## Instructions to follow
Pictures stay out; everything else from the first line of the entries down through the line with "działanie czynników atmosferycznych." gets copied exactly.
+--
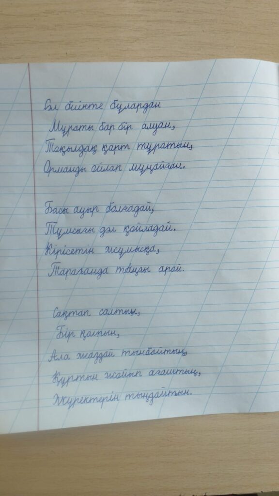 Дүйсен Арай Нұржауқызы. Көркем жазу Әліби Жангелдин атындағы номері 27 жалпы білім беретін мектеп FacebookTwitterPinterestWhatsApp Басқа қатысушылар 3-сынып оқушылары арасында Республикалық «көркем жазу» байқауы Бекболат Гауһар Сапаралықызы. Көркем жазу 0 3-сынып оқушылары арасында Республикалық «көркем жазу» байқауы Мусурманова Дияра Анваровна. Көркем жазу 0 3-сынып оқушылары арасында Республикалық «көркем жазу» байқауы Есенбек Арман Бекболұлы. Көркем жазу 0 3-сынып оқушылары арасында Республикалық «көркем жазу» байқауы Ережеп Нуриман Сапарбайұлы. Көркем жазу 0 3-сынып оқушылары арасында Республикалық «көркем жазу» байқауы Қуантай Төреғали Серікұлы. Көркем жазу 0
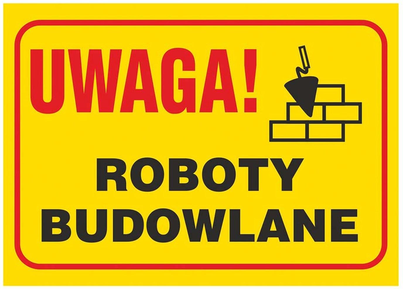 Znak "ROBOTY BUDOWLANE" firmy Brik. Jest to wykonany z wysokiej jakości materiału znak informacyjny, który przyda się wszędzie tam, gdzie zachodzi potrzeba udzielenia istotnych informacji w celu zapewnienia bezpieczeństwa. Znak charakteryzuje się trwałym i czytelnym nadrukiem, dzięki czemu jest doskonale widoczny i odporny na szkodliwe działanie czynników atmosferycznych.
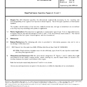This SAE Standard specifies the dimensional requirements necessary for the mounting and interchangeability of four types of fuel injectors in diesel engines. Two of the types specified are flats-located injectors.
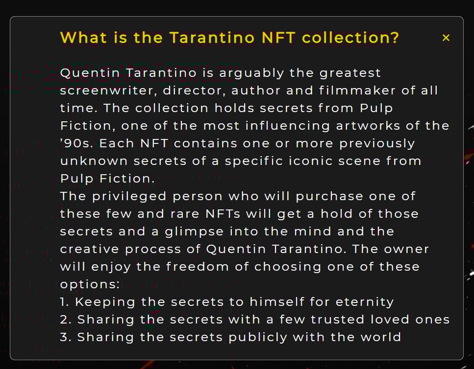 If you haven’t wrapped your head around what the Tarantino NFT collection is going to be, then below is a section of their FAQs.
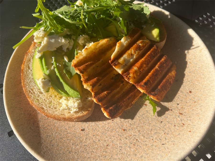 Lovingly presented was the avo on toast with chunks of salty feta and two slices of halloumi ($15.90). While the avo was soft and creamy, the over-toasted halloumi looked and tasted dry.
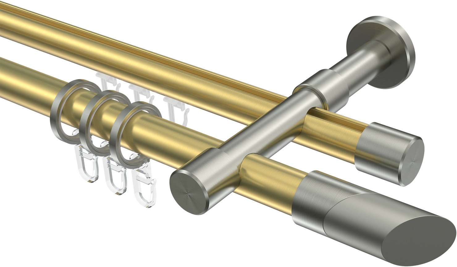 Rundrohr-Innenlauf Gardinenstangen aus Messing-Optik / Edelstahl-Optik in 20 mm Ø, 2-läufig, Modell PRESTIGE - Verano
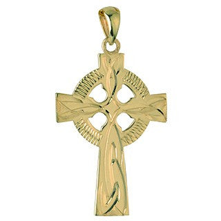 9CT GOLD CELTIC CROSS PENDANT WITH CHAIN.
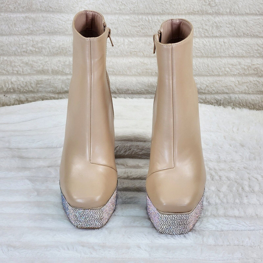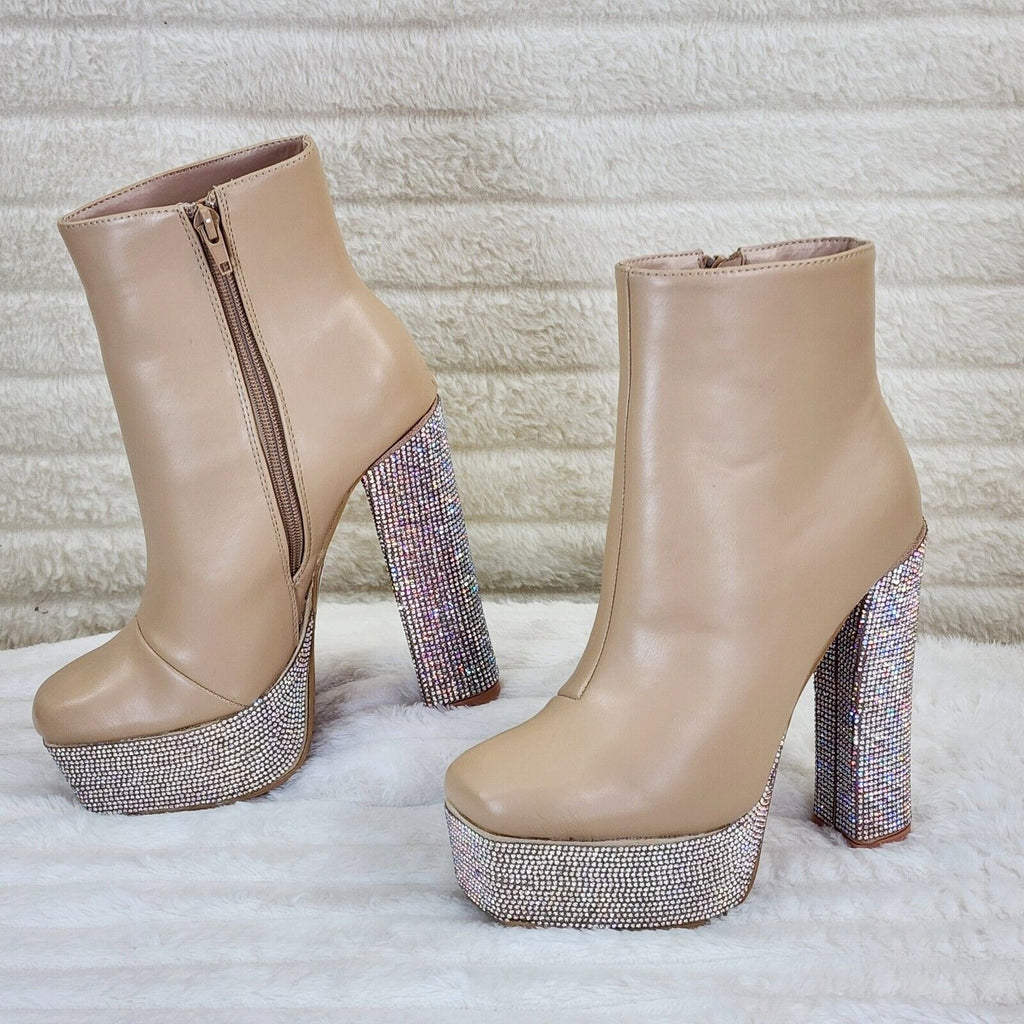 Nikki Cream Leatherette Rhinestone Platform Chunky Heel Ankle Boots
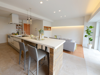 ダイニングとキッチンを一体型にすることによって、キッチンとダイニングの繋がりを密にして、
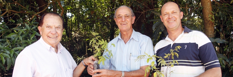 No final do encontro todos os cooperados receberam mudas de árvores nativas como a gorucaia, canafístula e aroeira. Na imagem, o diretor-presidente da Coamo, José Aroldo Gallassini faz a entrega aos cooperados João Marco e o filho Marcos Nicareta, de Pitanga (Centro do Paraná). No total foram distribuídas mais de dez mil mudas.
+--
## Answer to the exercise
 Дүйсен Арай Нұржауқызы. Көркем жазу Әліби Жангелдин атындағы номері 27 жалпы білім беретін мектеп FacebookTwitterPinterestWhatsApp Басқа қатысушылар 3-сынып оқушылары арасында Республикалық «көркем жазу» байқауы Бекболат Гауһар Сапаралықызы. Көркем жазу 0 3-сынып оқушылары арасында Республикалық «көркем жазу» байқауы Мусурманова Дияра Анваровна. Көркем жазу 0 3-сынып оқушылары арасында Республикалық «көркем жазу» байқауы Есенбек Арман Бекболұлы. Көркем жазу 0 3-сынып оқушылары арасында Республикалық «көркем жазу» байқауы Ережеп Нуриман Сапарбайұлы. Көркем жазу 0 3-сынып оқушылары арасында Республикалық «көркем жазу» байқауы Қуантай Төреғали Серікұлы. Көркем жазу 0
 Znak "ROBOTY BUDOWLANE" firmy Brik. Jest to wykonany z wysokiej jakości materiału znak informacyjny, który przyda się wszędzie tam, gdzie zachodzi potrzeba udzielenia istotnych informacji w celu zapewnienia bezpieczeństwa. Znak charakteryzuje się trwałym i czytelnym nadrukiem, dzięki czemu jest doskonale widoczny i odporny na szkodliwe działanie czynników atmosferycznych.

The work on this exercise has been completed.